Hans Rosling has been justly acclaimed for a couple of TED talks on global health in which he makes mesmerizing use of his (and now Google’s) GapMinder software, which he uses to tell compelling stories with data. The software is very cool, but what really makes the stories come to life is Rosling’s narrative. Data analysis, for him, is a performance art.
I’ve been thinking about this because I’ve been trying to investigate a perceived crime wave in my home town. You’d think it would be straightforward to get hold of the data but, after four months, I’m still trying. Meanwhile, however, I found some historical data at the Bureau of Justice, and I decided to see what I could make of that.
The visualizations shown in today’s screencast were done with Many Eyes, which is another very cool piece of software. But what I realized while making them is that narrated animation is really the secret sauce. Analytical software, whether it’s Excel or GapMinder or Many Eyes or something else, is necessary but not sufficient. The stories that people will understand, and remember, are the ones that have been performed well.
Now I’m no Hans Rosling, and you certainly won’t see me swallow a sword at the end of this screencast — as he amazingly does at the end of this video. But I will be trying to emulate his example when I tell stories with data. And I’m struck, once again, by the way in which screencasting can bring software interaction to life.

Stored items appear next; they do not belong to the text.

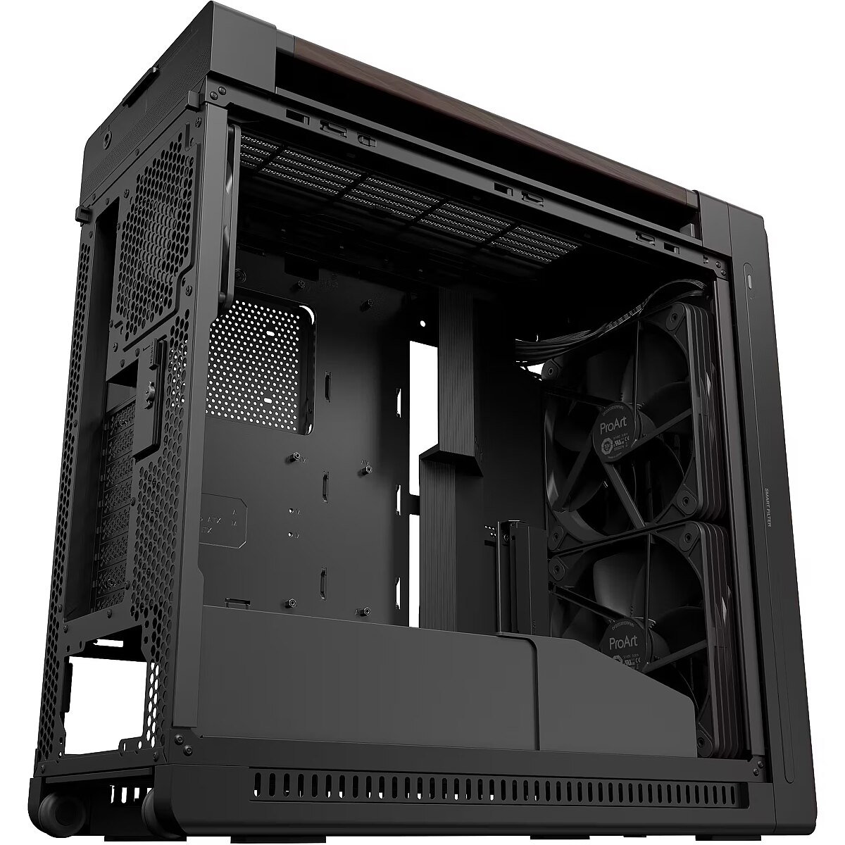Title - ASUS ProArt PA602 Wood Edition Modern Black - Metal Panel Midi Tower Black, Wood
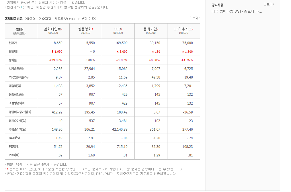 삼화페인트 주가 관련하여 동일업종비교도 네이버 증권 홈페이지에서 볼 수 있는데요. 쌍용양회, KCC, 동화기업, LG하우시스의 현재가 ,등락율, 시가총액, 외국인취득률, 매출액, 영업이익 등의 정보 확인할 수 있어요.
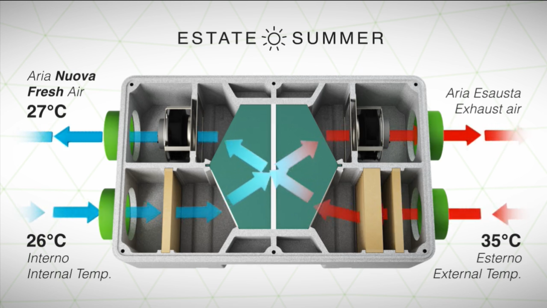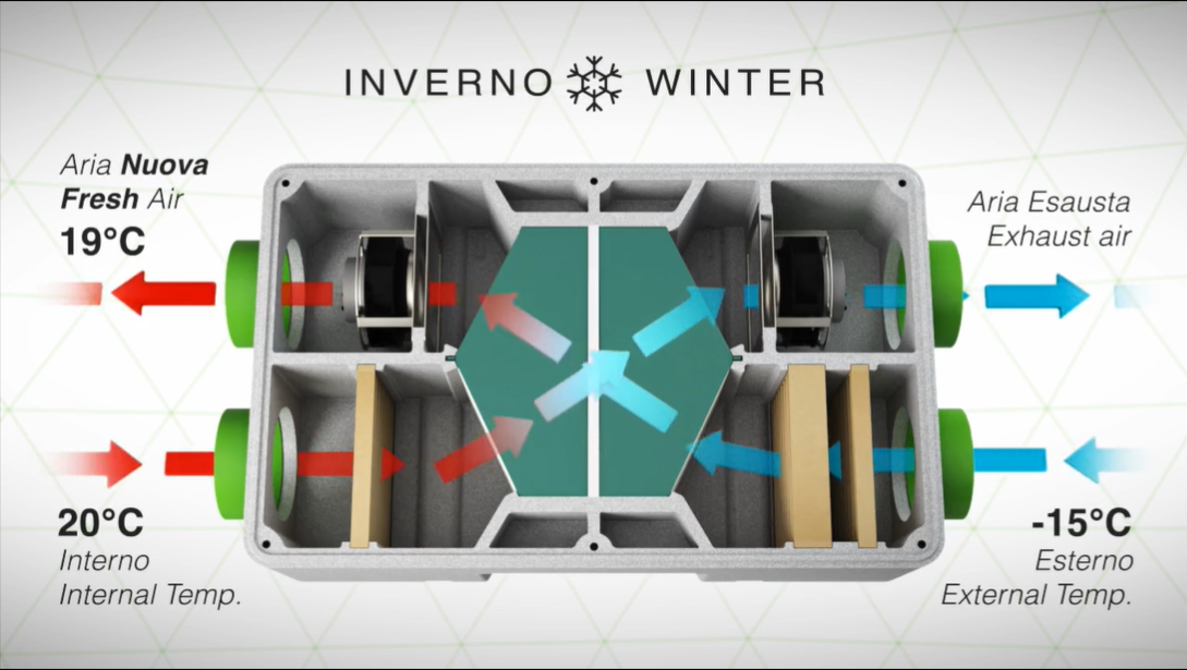 家用新风系统还具有全热交换芯,在夏天的夜晚,能利用室内排除的冷空气的质量,把室外的热空气预冷后再送入室内,室内冷量损失少;冬天则相反,会把室外的冷空气预热之后再送入室内,提高冬天的取暖效果。
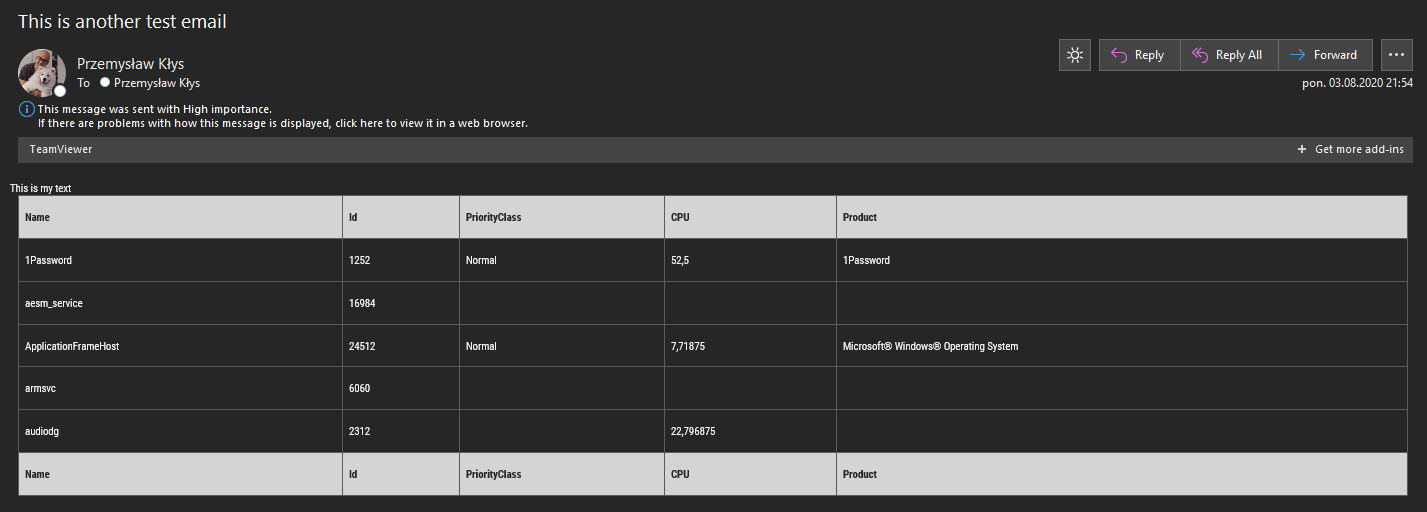 Keep in mind, for now, the implementation of the only works for Application Permissions. I've not yet added support for Delegated Permissions as I didn't have time. Maybe it will work without any changes, but perhaps not. Don't know. As with oAuth, I've not spent time preparing step by step instructions on how to request Graph API credentials, but I'll do so when time allows me to. For now, Google is your man. What I've noticed is that I couldn't send larger HTML/JS/CSS content. Maybe it's due to the size limits of JSON, or I'm not escaping characters properly. The example below shows an HTML body built with PSWriteHTML using an Online switch, meaning it doesn't inline minimized JavaScript content, which may be the sole reason for it failing.

The charts used in my screencast could have been made in Excel or in any other charting package. By making them in Many Eyes, I added the important new dimension of social analysis. So you can visit the data sets there, comment on the visualizations, and add your own visualizations. But data analysis as performance art goes beyond the snapshots produced by analytical tools. It lives in the interstitial spaces between the snapshots, traces a narrative arc, shows as it tells.